Zombie flies attacking Eurpoean honey bee

Killer flies are attacking European honey bees, leaving them crawling blindly in circles, wandering away from their hives.
Killer flies are attacking European honey bees, leaving them crawling blindly in circles, wandering away from their hives.

The European honey bee is being attacked by the Apocephalus borealis, also known as the “zombie fly.” 

The killer flies pierce the bees’ abdomens to deposit their eggs, which hatch inside the bees and destroy their brains. The flies then split apart the bees’ heads and bodies, and fly out of the bees. In the weeks between egg deposit and when the mature flies exit the bees, the bees essentially are zombies, crawling blindly in circles, flying away from their hives at night and not going back to their colony.

John Hafernik, a biology professor from San Francisco State University, first saw the zombie bees in 2008 on the West Coast; however, the bees reportedly have been seen recently in New York.

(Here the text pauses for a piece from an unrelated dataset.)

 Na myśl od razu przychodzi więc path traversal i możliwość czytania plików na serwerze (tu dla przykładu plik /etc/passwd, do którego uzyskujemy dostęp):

Since he first spotted the bees, Hafernik and several colleagues have founded ZomBee Watch in 2012 to track the zombie fly.  

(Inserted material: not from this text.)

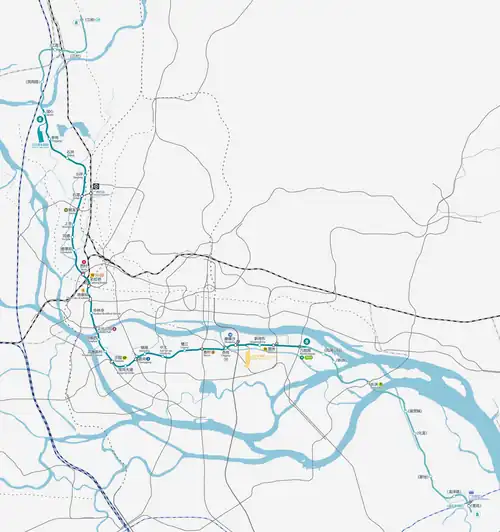 Part of Phase 3 adjustment plan of Guangzhou Metro, now under review by the National Development and Reform Commission as of September 2022.[10] This extension will bring Line further North beyond Jiaoxin Station.[11] The extension will have provisions to be divided into two lines at Jiangfu Station. With the northern section of Line 8 between Jiangfu Station and Guangzhou North Railway Station will be spun off to form the new Line 24.[12][13]

“We’re not making a case that this is the doomsday bug for bees,” Hafernik said. “But it’s certainly an interesting situation where we have a parasite that seems to affect the behavior of bees and has them essentially abandoning their hives.”

Scientists remain unsure if zombie bees are linked to Colony Collapse Disorder (CCD), a syndrome that makes entire colonies fail after the loss of adult worker bees.